The Lowdown

If you’re reading this, then welcome to my blog! This is where I share everything from my scattered thoughts to news on my latest publications and conference attendance. Periodically, I will be posting trip reports, including some of my photography, if I get a chance to sneak away and explore a city during work travel. I also plan on regularly writing tutorials in the areas of applied mathematics, molecular simulation, or whatever else I think myself to be marginally qualified to teach. Some will be pedagogical and probably aimed more at those just starting out in a particular subject. However, my intention is to focus a significant effort on reproducing results in published literature, or attempting a proof-of-concept implementations of a proposed algorithm or technique.

/begin rant

I have serious issues with both the clarity and reproducibility of some published work in the field of molecular simulation. This isn’t news to anyone in the field, or any other academic specialty really, but it is particularly frustrating because one would think that molecular simulations, being conducted on computers, lend themselves to being highly and easily reproducible. However, this is sadly not the case. Molecular simulations have gotten complex enough, especially in the analysis of the raw simulation data, that without providing either an extremely thorough description of the analysis or simply providing the analysis scripts themselves as supplementary information, it may be near impossible to obtain the same results claimed in a published work. As a researcher who is trying to follow up on, validate, or build upon that work, it can be a head-banging experience.

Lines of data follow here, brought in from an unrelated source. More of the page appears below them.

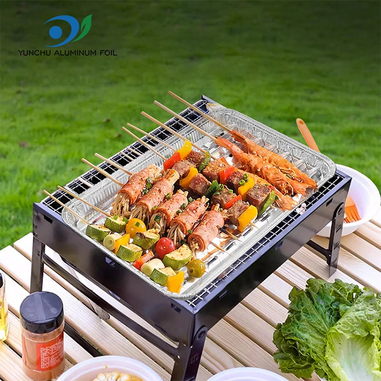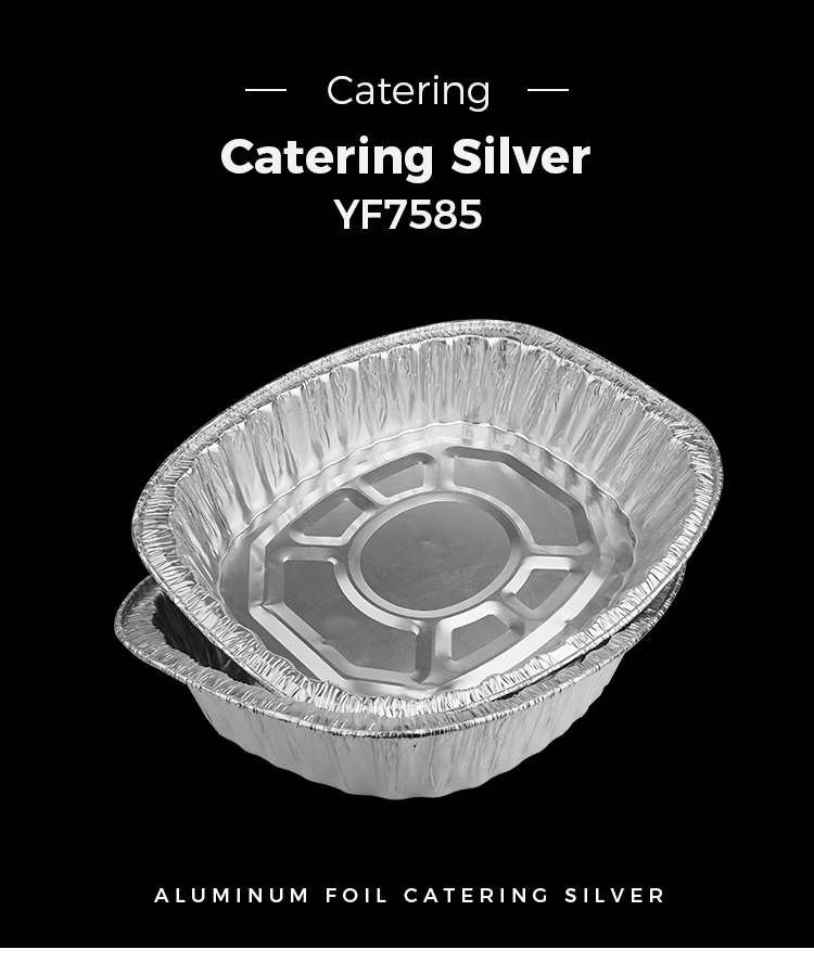 Yunchu aluminum foil wholesale Large capacity grilled chicken griddle Silver Aluminum Foil Containers, large capacity can be adapted to a wide range, the scene is the same, takeaway, wholesale flow suppliers, large parties, can provide large portions of restaurants, prefabricated dishes, restaurant refrigeration and other places that need to be used, large gatherings and company dinners are also suitable, the product can support equipment heating, can be immediately heated In uporabljena v zunanjih in drugih scenarijih, celotna struktura združuje ojačevalce in dno navadne konkavne in izbočene oblike, tako da sta zagotovljena njegova trajnost in varnost.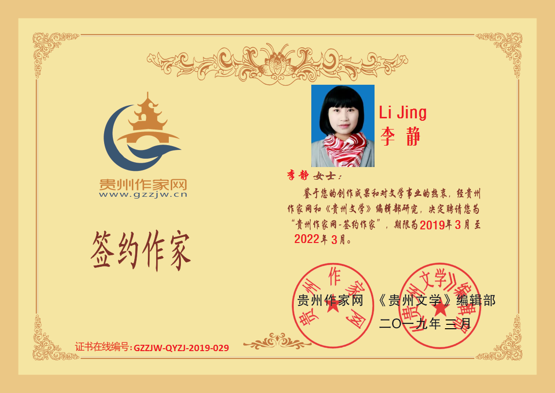 2019年3月16日,贵州穿青女诗人李静成功签约贵州作家网。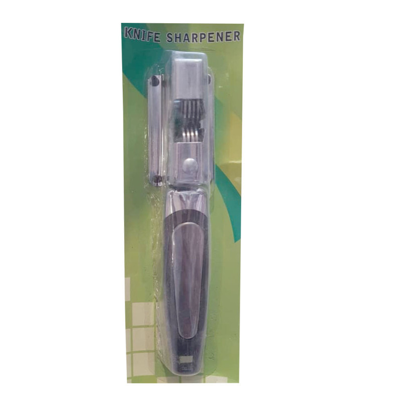 جنس دسته از استیل بوده و با پوشش پلاستیکی اطراف آن و نگهدارنده های روی سطح میتوان کار تیز کردن چاقو را به راحتی تمام انجام داد دارای تیغه های تیز کن ضد زنگ بوده و به همین ل دوام و ماندگاری بالایی دارد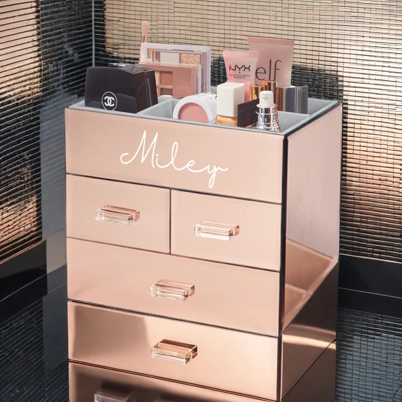 Personalized Handmade Mirror Cosmetic Organizer – 3 Drawer Mirrored Bathroom Vanity Desktop Jewelry Makeup Storage Bin – Rose Gold or Silver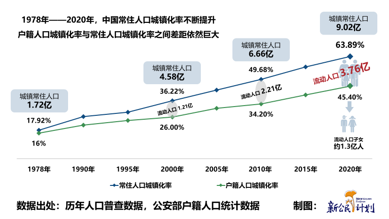 第七次全國人口普查數(shù)據(jù)顯示,2020年,中國城鎮(zhèn)常住人口9.02億,常住人口城鎮(zhèn)化率為63.89%,但是戶籍人口城鎮(zhèn)化率仍然只有45.4%,流動人口有3.76億人,比美國的總?cè)丝?3.31億人)還要多。其中流動人口子女約1.3億人,超過中國兒童總數(shù)的40%。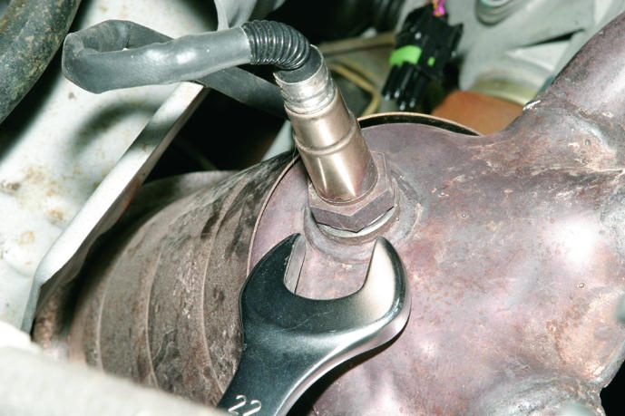 Показано снятие датчика кислорода, установленного в верхней части катколлектора.
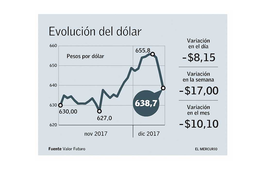 Una semana marcada de bajas sucesivas acumula el dólar previo a las elecciones presidenciales de este domingo. Luego que ayer cayera $8,15, en los últimos cuatro días el tipo de cambio suma un retroceso de $17, al cerrar la jornada en $638,7. En lo que va del año ha caído $32,3.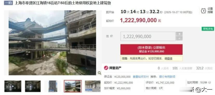 奉贤富力万达广场的法拍,起拍价定为12.2299亿元,保证金1.2亿元,增价幅度500万元及其倍数。竞价周期为3天,从10月27日10时至10月30日10时止。

What’s equally disheartening is how papers in computational chemistry which describe new algorithms or sampling methods rarely contain a lucid enough description of the algorithm to facilitate easy implementation and more often than not (in fact, I have yet to come across one that has) do not provide a reference implementation. In applied mathematics it has become nearly impossible to publish an algorithm or be taken seriously without cold hard code. It’s just too easy to do. The same applies to new or sufficiently complex (or tabulated) forcefield parameters used in a simulation. For the love of everything good in this world, why would you not provide a 2Kb zip file as supplementary material to make our lives easier?! I have even come across a paper once where someone provided a “representative” simulation input file which was a sanitized, non-function input. Why not provide an actual input script?!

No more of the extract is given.